▶ WORK TO COMPLETE
Each record is to be printed again exactly, though not its pictures.

▶ STORED DATA

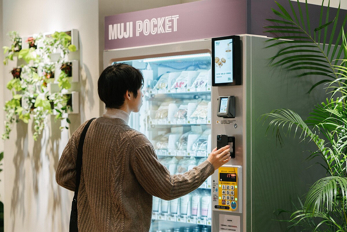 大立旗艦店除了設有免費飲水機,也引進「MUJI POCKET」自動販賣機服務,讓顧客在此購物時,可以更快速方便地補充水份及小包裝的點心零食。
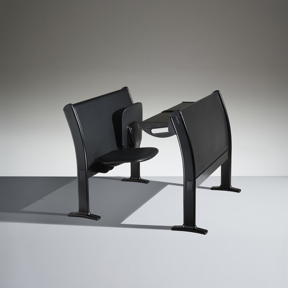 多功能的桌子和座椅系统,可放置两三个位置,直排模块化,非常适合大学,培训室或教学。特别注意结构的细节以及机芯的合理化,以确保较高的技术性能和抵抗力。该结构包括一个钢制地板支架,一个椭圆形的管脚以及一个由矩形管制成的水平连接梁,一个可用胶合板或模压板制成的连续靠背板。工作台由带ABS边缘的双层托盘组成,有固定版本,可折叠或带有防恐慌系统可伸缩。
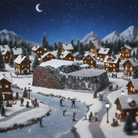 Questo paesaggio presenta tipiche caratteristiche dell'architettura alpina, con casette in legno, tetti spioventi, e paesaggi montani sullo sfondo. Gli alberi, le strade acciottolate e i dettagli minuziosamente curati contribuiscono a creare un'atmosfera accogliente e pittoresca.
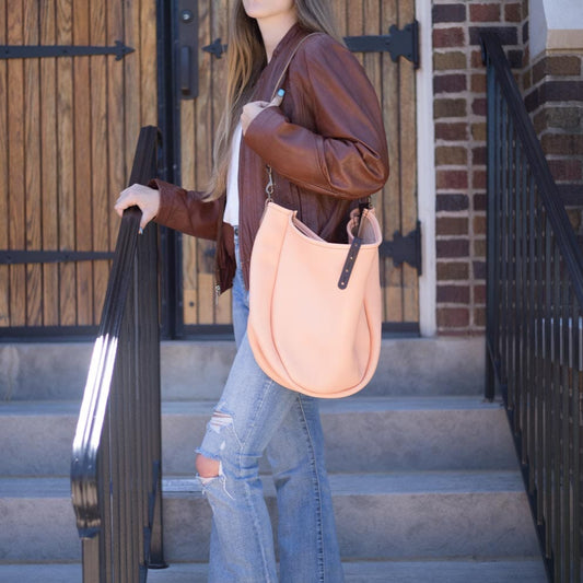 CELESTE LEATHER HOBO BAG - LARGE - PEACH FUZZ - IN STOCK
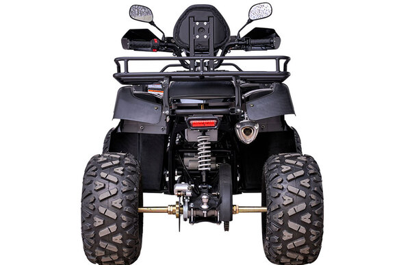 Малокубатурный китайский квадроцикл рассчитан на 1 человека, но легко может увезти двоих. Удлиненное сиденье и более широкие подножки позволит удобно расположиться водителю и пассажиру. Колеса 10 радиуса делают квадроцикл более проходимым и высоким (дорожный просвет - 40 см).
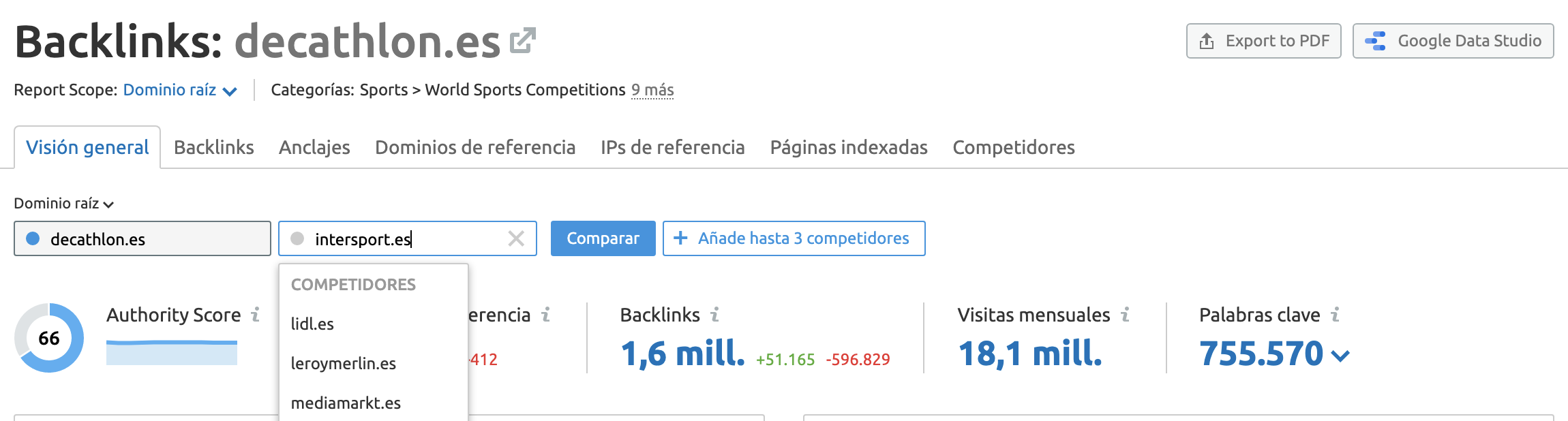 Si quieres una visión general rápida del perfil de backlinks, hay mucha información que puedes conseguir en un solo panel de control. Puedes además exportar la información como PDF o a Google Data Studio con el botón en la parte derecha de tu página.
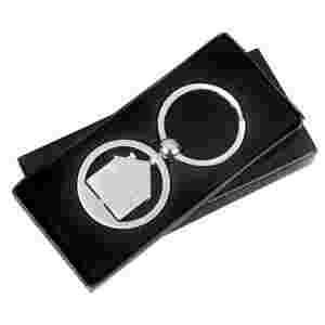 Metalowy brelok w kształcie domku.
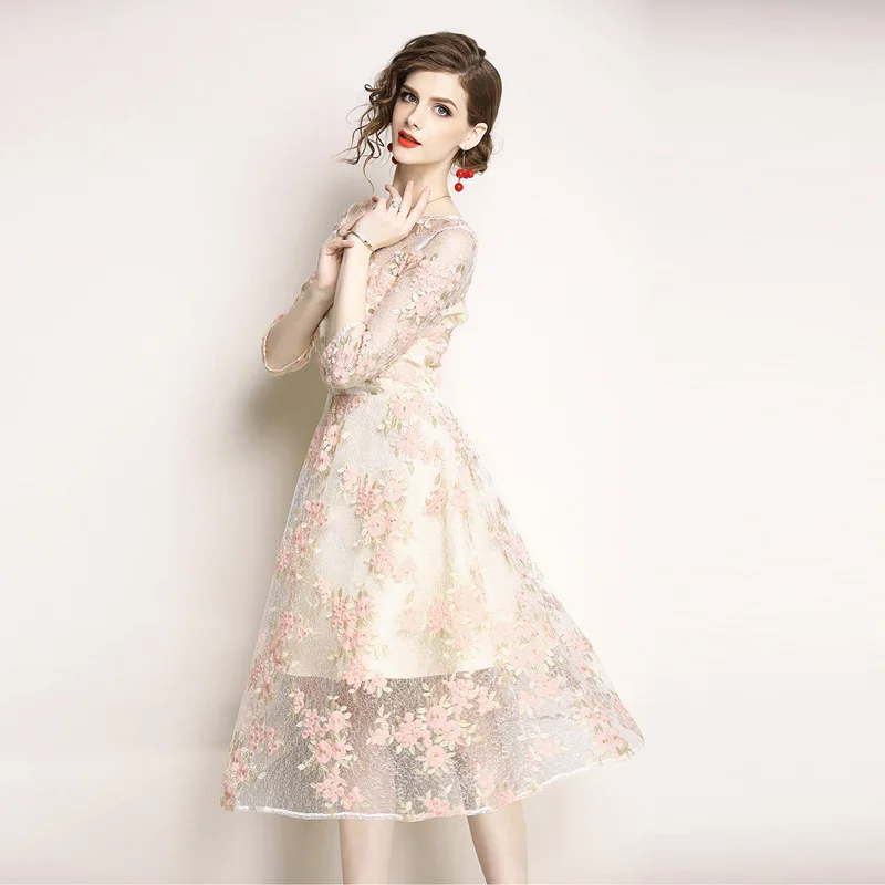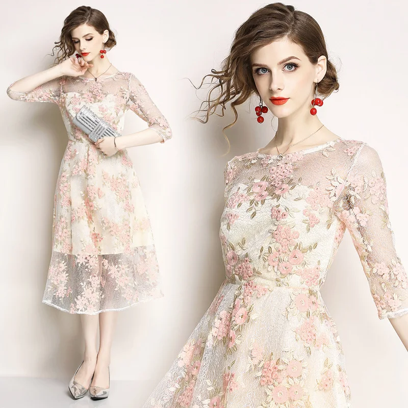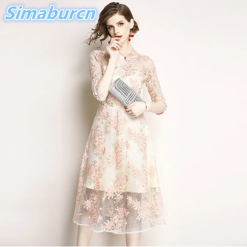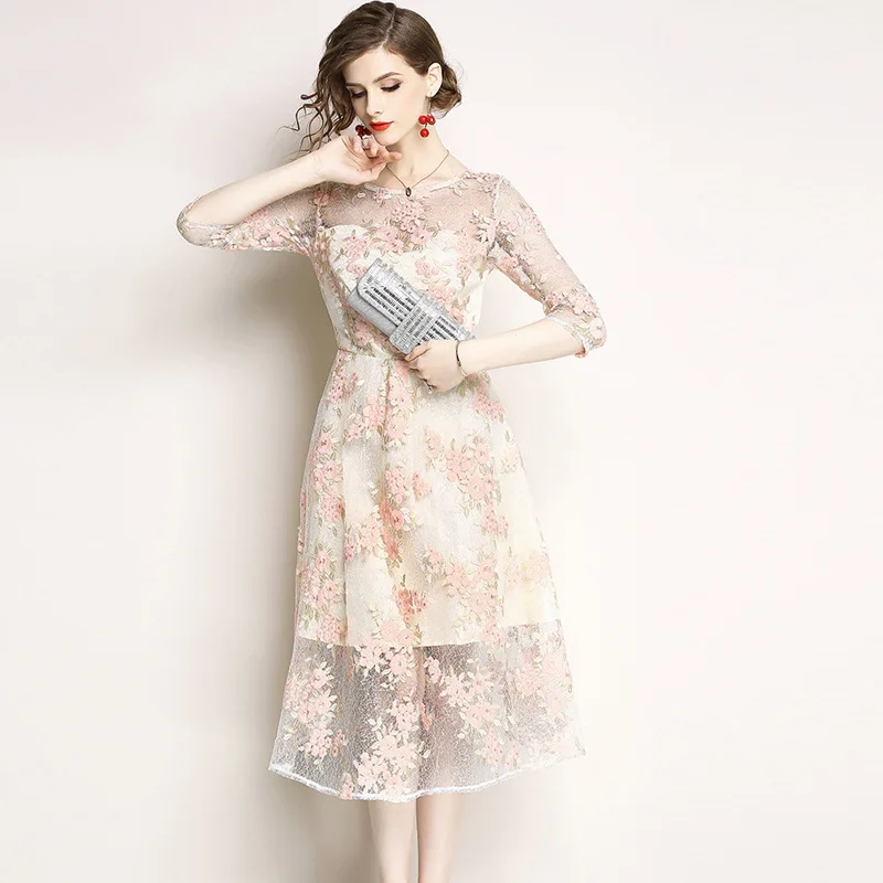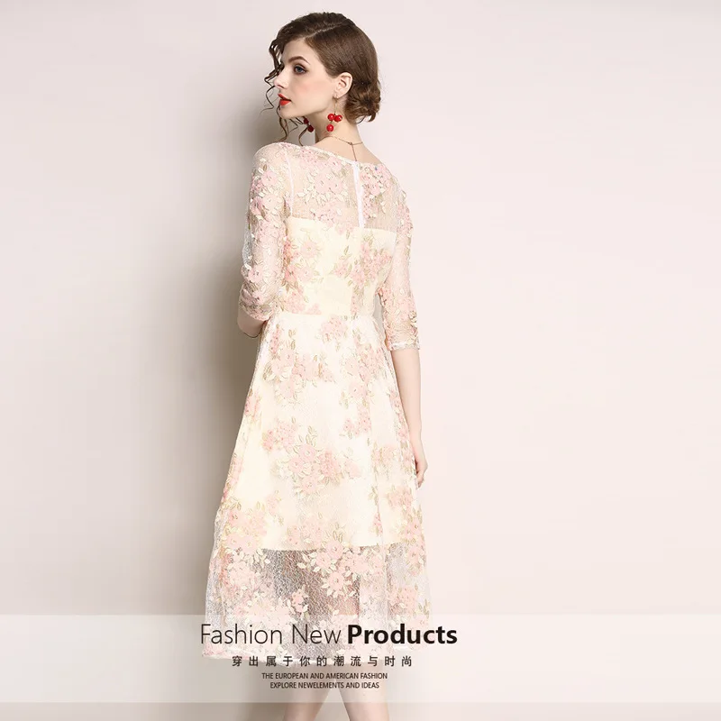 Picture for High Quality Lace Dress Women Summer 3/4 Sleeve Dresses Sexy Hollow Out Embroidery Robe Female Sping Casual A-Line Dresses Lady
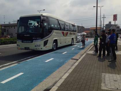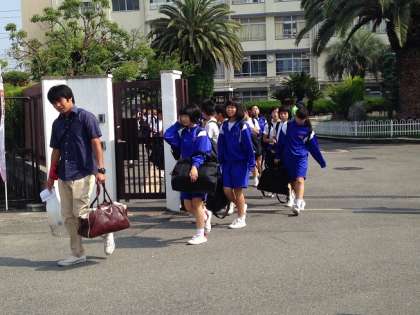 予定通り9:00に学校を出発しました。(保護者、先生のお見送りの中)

▶ FINISHED TASK
 大立旗艦店除了設有免費飲水機,也引進「MUJI POCKET」自動販賣機服務,讓顧客在此購物時,可以更快速方便地補充水份及小包裝的點心零食。
 多功能的桌子和座椅系统,可放置两三个位置,直排模块化,非常适合大学,培训室或教学。特别注意结构的细节以及机芯的合理化,以确保较高的技术性能和抵抗力。该结构包括一个钢制地板支架,一个椭圆形的管脚以及一个由矩形管制成的水平连接梁,一个可用胶合板或模压板制成的连续靠背板。工作台由带ABS边缘的双层托盘组成,有固定版本,可折叠或带有防恐慌系统可伸缩。
 Questo paesaggio presenta tipiche caratteristiche dell'architettura alpina, con casette in legno, tetti spioventi, e paesaggi montani sullo sfondo. Gli alberi, le strade acciottolate e i dettagli minuziosamente curati contribuiscono a creare un'atmosfera accogliente e pittoresca.
 CELESTE LEATHER HOBO BAG - LARGE - PEACH FUZZ - IN STOCK
 Малокубатурный китайский квадроцикл рассчитан на 1 человека, но легко может увезти двоих. Удлиненное сиденье и более широкие подножки позволит удобно расположиться водителю и пассажиру. Колеса 10 радиуса делают квадроцикл более проходимым и высоким (дорожный просвет - 40 см).
 Si quieres una visión general rápida del perfil de backlinks, hay mucha información que puedes conseguir en un solo panel de control. Puedes además exportar la información como PDF o a Google Data Studio con el botón en la parte derecha de tu página.
 Metalowy brelok w kształcie domku.
 Picture for High Quality Lace Dress Women Summer 3/4 Sleeve Dresses Sexy Hollow Out Embroidery Robe Female Sping Casual A-Line Dresses Lady
 予定通り9:00に学校を出発しました。(保護者、先生のお見送りの中)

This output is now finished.